佟心蔓哪会理她,径自把衣服装进纸袋,放在她身边。
「我不喜欢妳的发型,盖头盖脸的,很没精神呢,把一张清雅的脸蛋都遮住了。」说着,一刻不得闲的佟心蔓把汪孟涵拉进裁缝室。
裁缝室里有一整面墙的穿衣镜,坐在镜前,汪孟涵见佟心蔓拿出一堆剪刀,立即惶恐地抱着头。
「不要啦……」她已经习惯披头散发,并不觉得哪里不妥啊。
「别害怕,我头发都自己剪的,只是修一点点而已,要相信我的技术。」佟心蔓安抚道。
汪孟涵的脸小归小,但略嫌窄长:虽有一双凤眼,却配上两条突兀的垂眉,所以需要修整一下发型和眉型。
佟心蔓先帮她剪了个刘海,然后咻咻咻,脑勺上厚重的头发马上呈现出层次感,接着再修了下眉毛,总共花了快一小时。刘海斜在额头上,两旁的头发塞在耳后,只要她保持笑容,就可以拉宽脸型。

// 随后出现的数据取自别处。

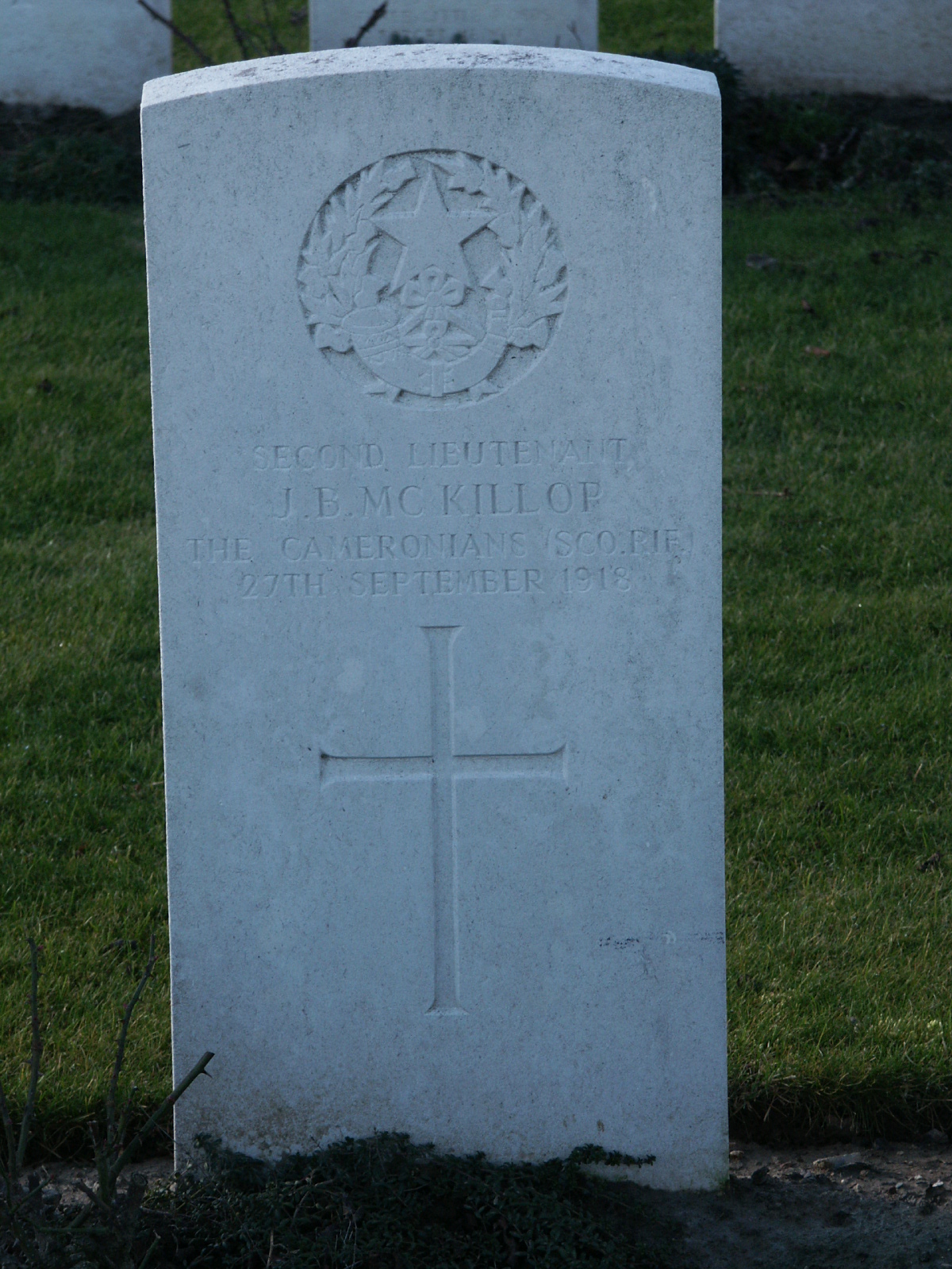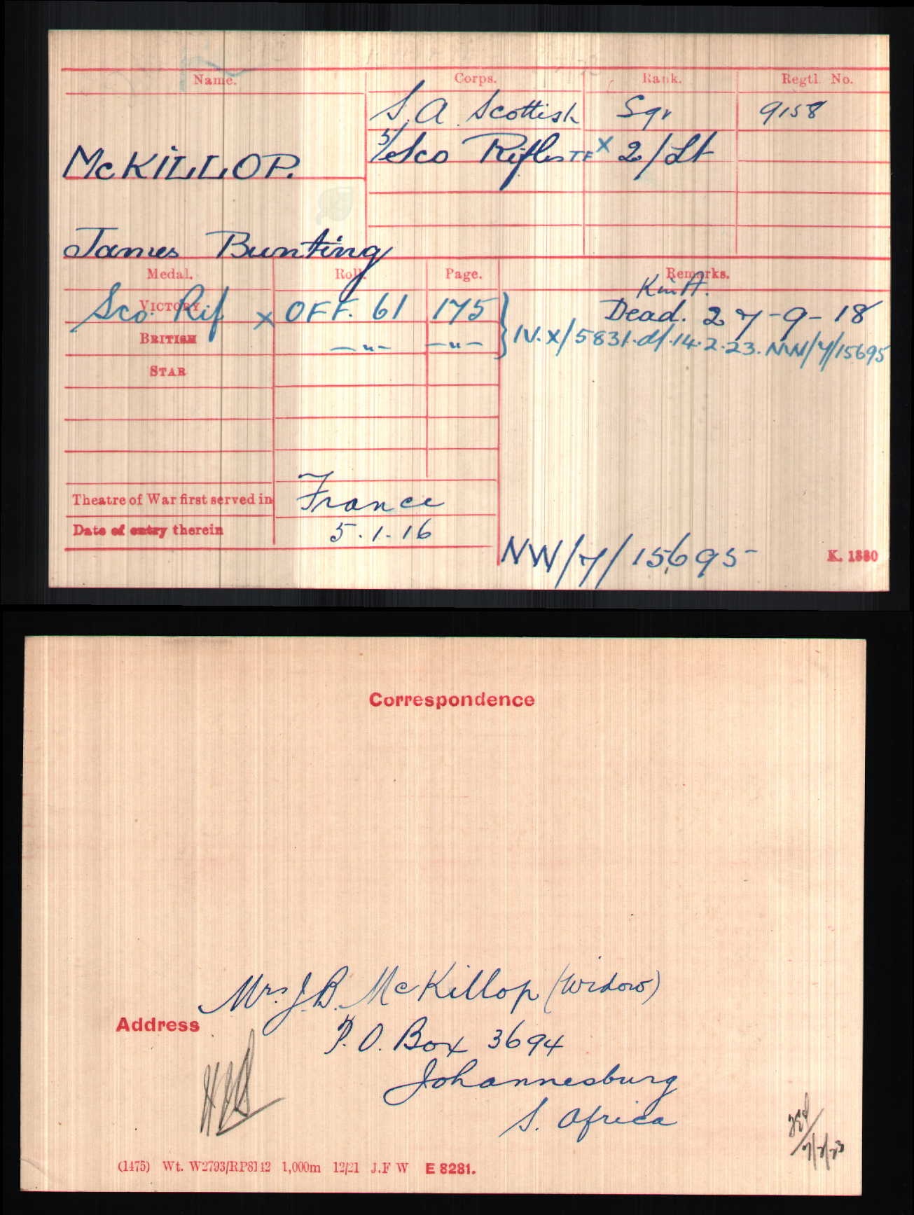 Husband of Katrine Alice McKillop, of Johannesburg, South Africa. Born at Oban, Scotland. James Bunting McKillop was born in Oban on 15 July 1879. He was educated at Oban High School and Glasgow University. Living in Johannesburg and a Tobacconist by occupation, he entered the France/Flanders theatre of war on 5 January 1916, as a Sergeant in the South African Scottish Regiment. He was serving in the 4th South African Infantry when he applied for admission to an officer cadet unit. He had previously served as Trooper for 2 years 9 months in the Scottish Horse Volunteers, 1 year in the Transvaal Scottish Volunteers and 1 year in the Imperial Light Horse. He was commissioned into the 5th Battalion Scottish Rifles on 31 July 1918. |
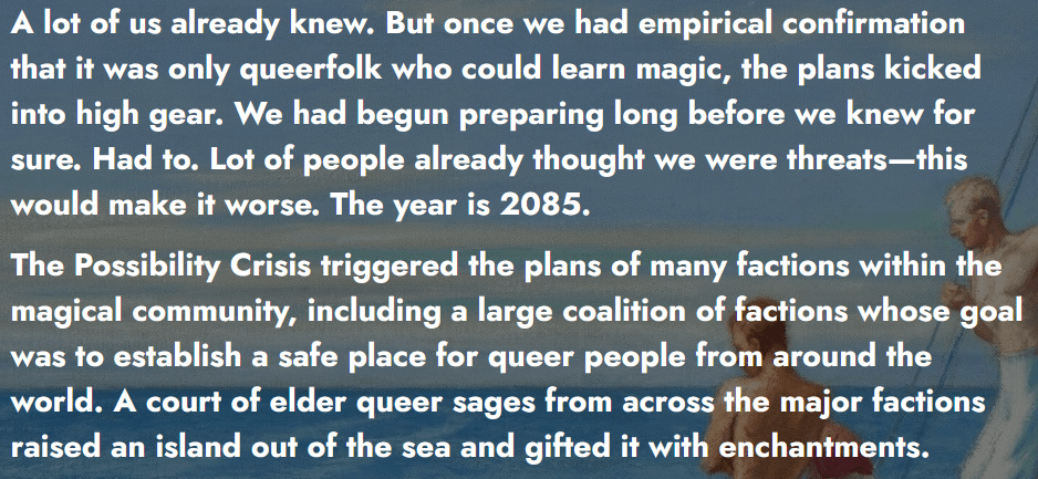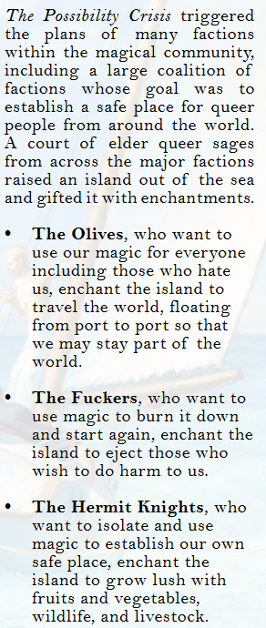 The common factor between these three games, in my eyes, is the [world as a puzzle box]. And I don’t think that’s the only model wherein the premise of the world provides significant structure to the gameplay, but it is one of the only ones I like, so it’s a good place to start.
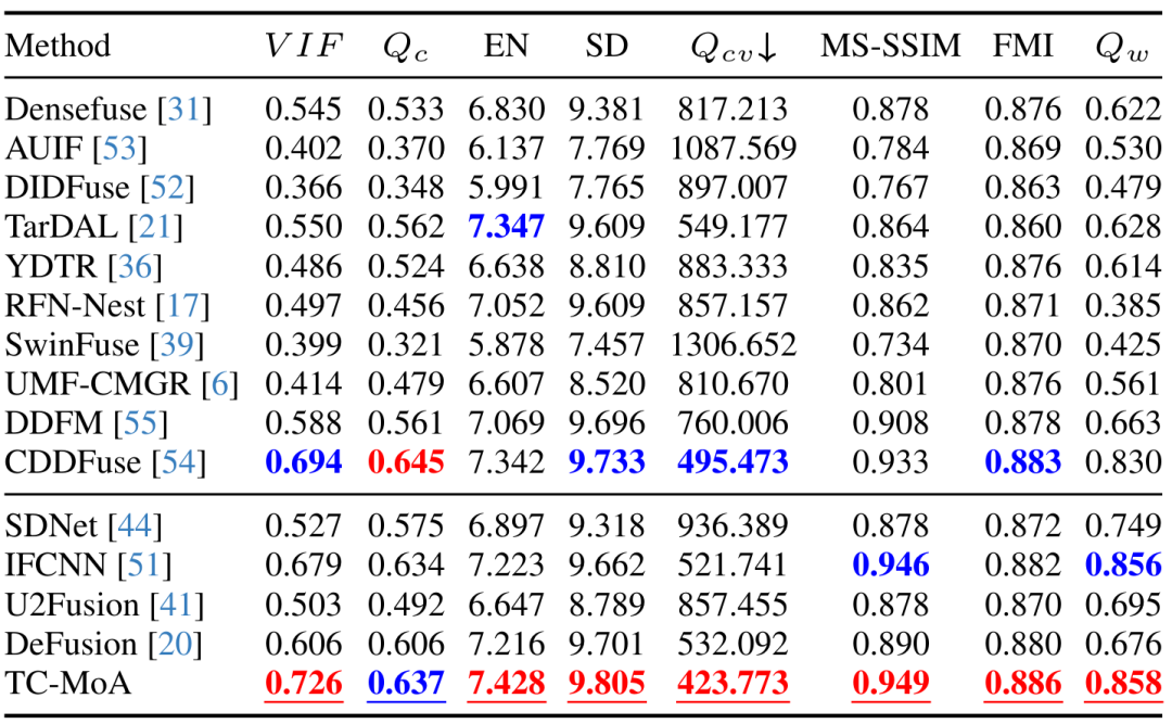大量的实验验证了我们在通用图像融合方面的优越性,包括多模态、多曝光和多焦点融合。更重要的是,我们的 TC-MoA 甚至对未知的融合任务显示出了创造性的可控性和泛化性,充分展示了我们在更广泛的融合场景中的潜力。
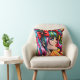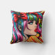 Pretty Pop Art Comic Girl with Bows Throw Pillow
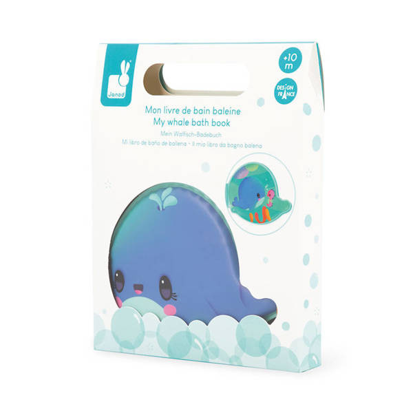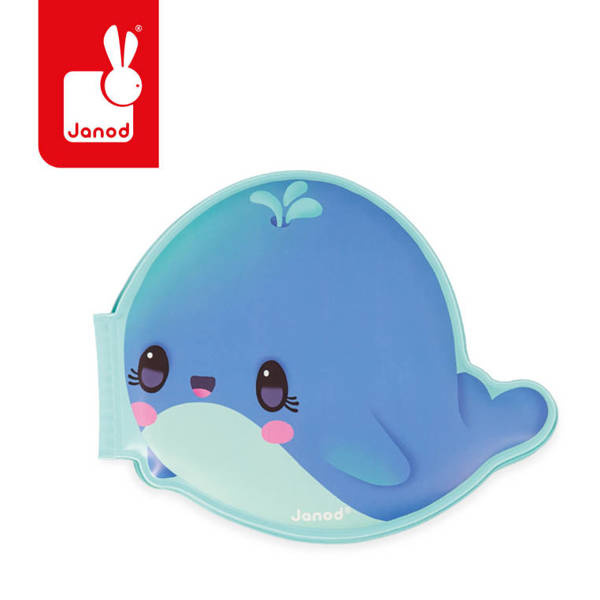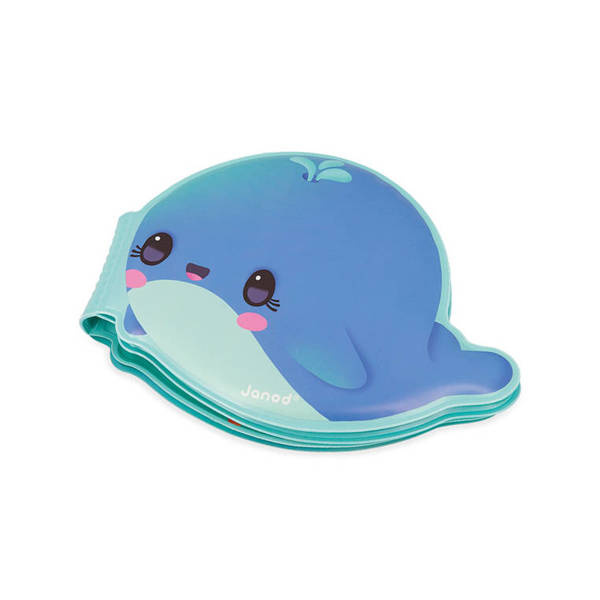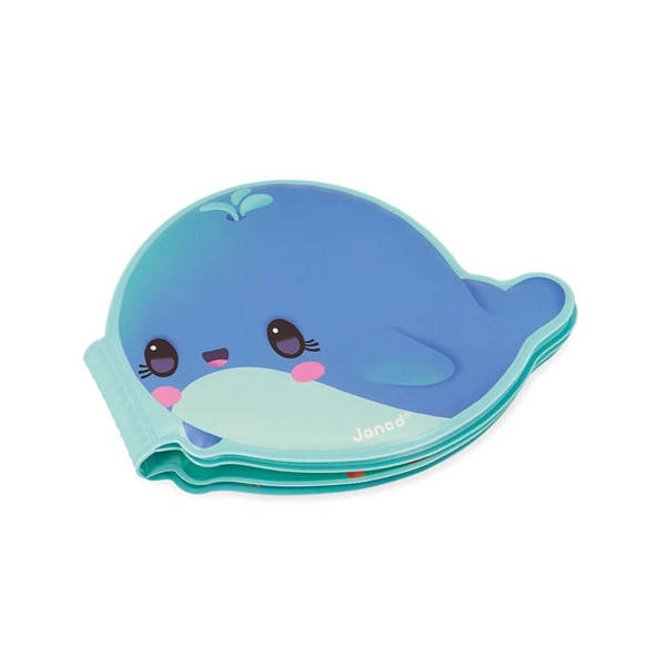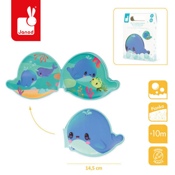 Książeczka do kąpieli Wieloryb francuskiej marki JANOD wykonana została z wodoodpornego, łatwego do czyszczenia, szybkoschnącego tworzywa. Ma oryginalny kształt uroczego wieloryba, a na jej kolejnych stronach znajdują się przygody głównego bohatera i jego spotkania z innymi podwodnymi stworzeniami, m.in. z żółwiem czy narwalem. Książeczka jest w pełni bezpieczna dla dziecka. Rozwija spostrzegawczość i pobudza wyobraźnię. To idealny prezent dla dziecka, które uwielbia opowiadać własne historie oraz wspaniały umilacz czasu, spędzanego w wannie. Zabawka została zaprojektowana we Francji.
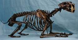 Saber Tooth Cat Skeleton. Fossil Replica. Carnivore of the La Brea Tar Pits/California. Saber Tooth Cat Skeleton is licensed from the Natural History Museum of Los Angeles County Foundation, Page Museum specimen.
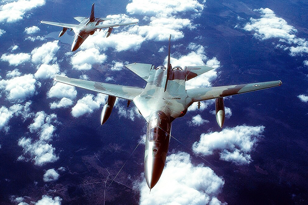 Top Photo: An F-111 flying over the North Sea in 1989
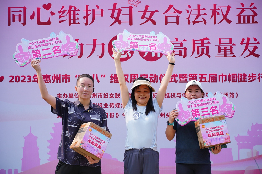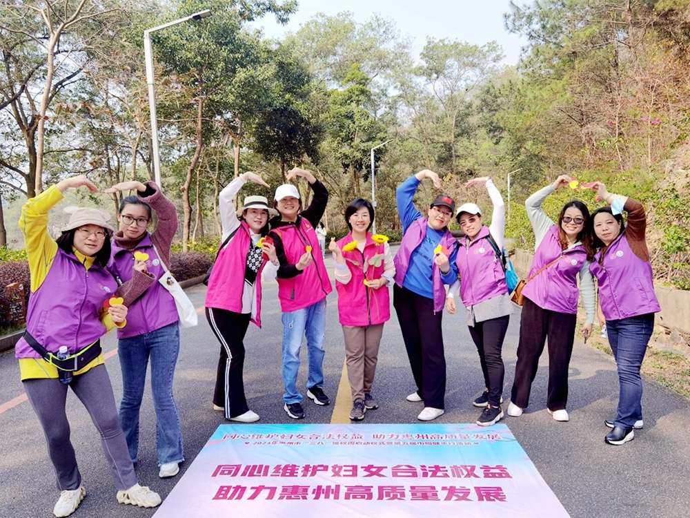 三月沐春風(fēng),巾幗健步行。3日上午,“同心維護(hù)婦女合法權(quán)益 助力惠州高質(zhì)量發(fā)展”-2023年惠州市“三八”維權(quán)周啟動儀式暨第五屆巾幗健步行活動舉行,全市近千各界婦女姐妹歡聚在美麗的紅花湖畔踏春而行,通過綠色低碳健步走、團(tuán)隊(duì)花式照、有獎問答、互動游戲等形式,展現(xiàn)婦女“半邊天”自信形象,推動全社會形成關(guān)愛婦女、尊重婦女、維護(hù)婦女合法權(quán)益的良好社會氛圍,進(jìn)一步促進(jìn)家庭文明幸福、社會和諧穩(wěn)定。
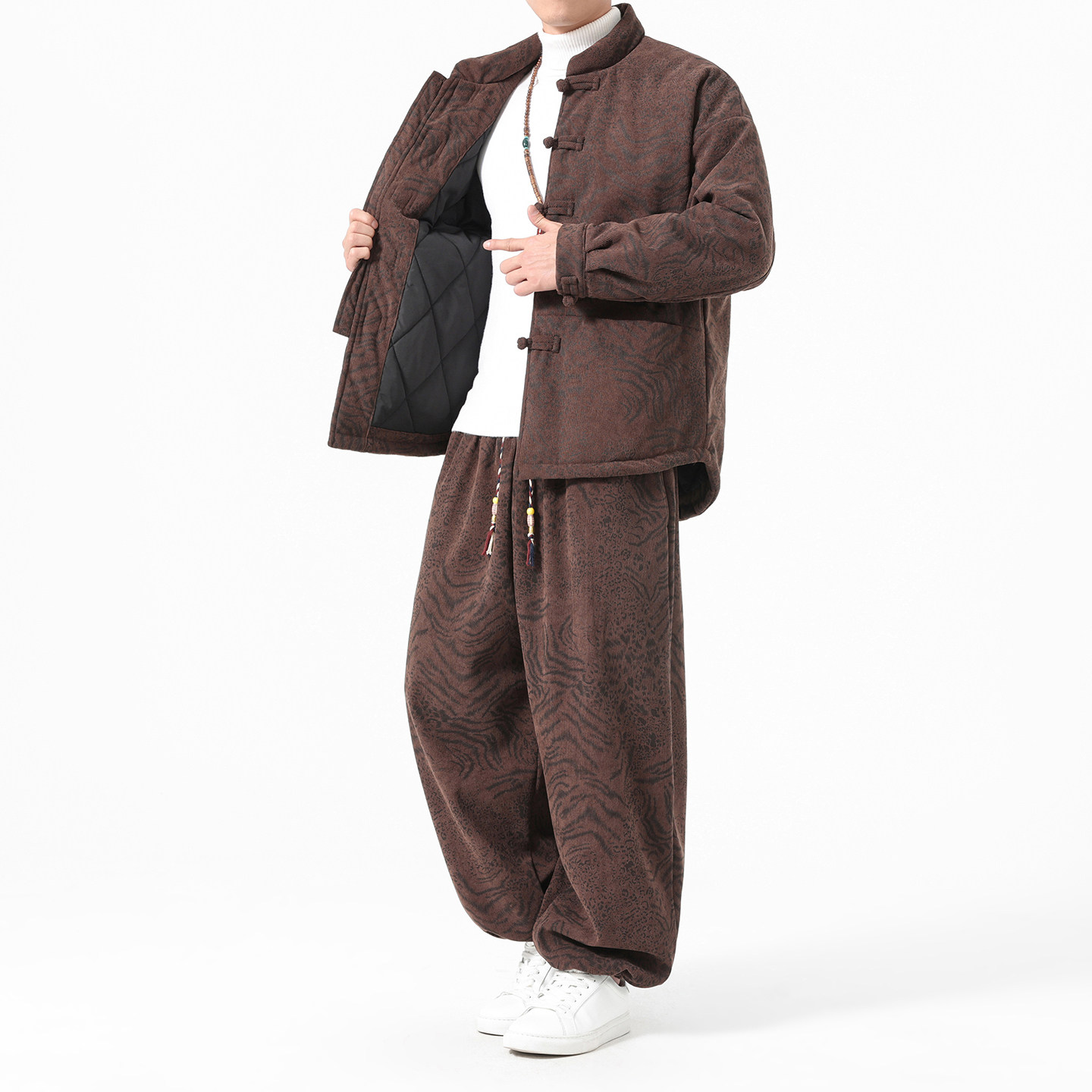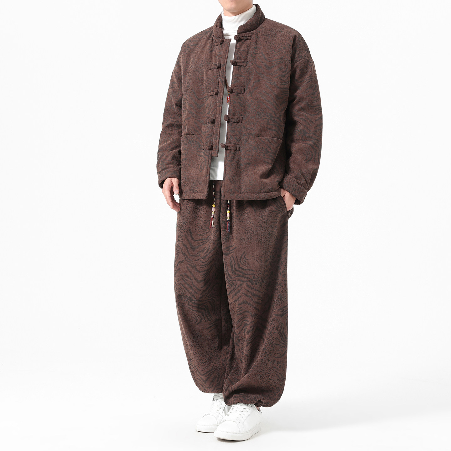 中老年休闲套装男新中式灯芯绒
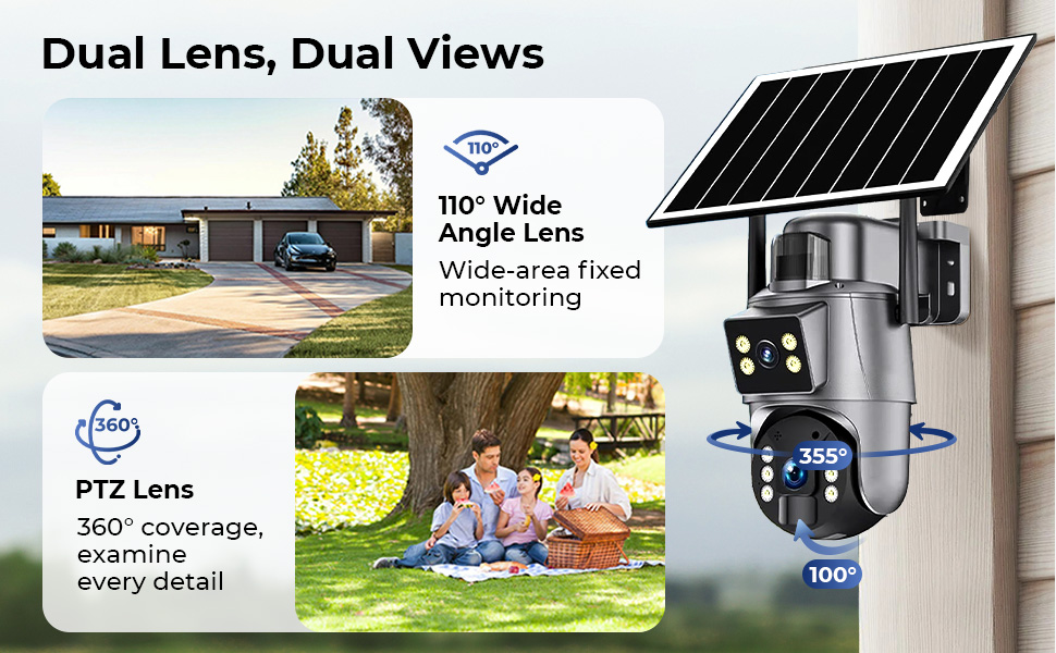 - * Dubbele Lenzen: De dual-lens camera elimineert blinde vlekken voor maximale bescherming. De 110° groothoeklens dekt belangrijke gebieden, terwijl de PTZ-lens 355° horizontaal roteert, 100° kantelt en 4x zoomt voor close-up detail. Perfect voor veranda’s, tuinen, boerderijen of vakantiehuisjes. Te bedienen via de meegeleverde UBox-app.

「笑一个。」佟心蔓毫不吝惜的给予赞美,「我就说吧,看我们孟涵多漂亮啊,稍微改头换面就美得不得了,好像小仙女!」
汪孟涵愣了五秒钟,手指伸进耳朵挖一挖,确认自己有没有听错。自小加诸在她身上的形容词,不外乎瓜类、稞类的戏弄,何曾出现过这样的称呼?
嘿嘿,小仙女耶!她也可以享有这个美誉啊?听起来好高贵的感觉喔!活了二十多年,终于有否极泰来的一天。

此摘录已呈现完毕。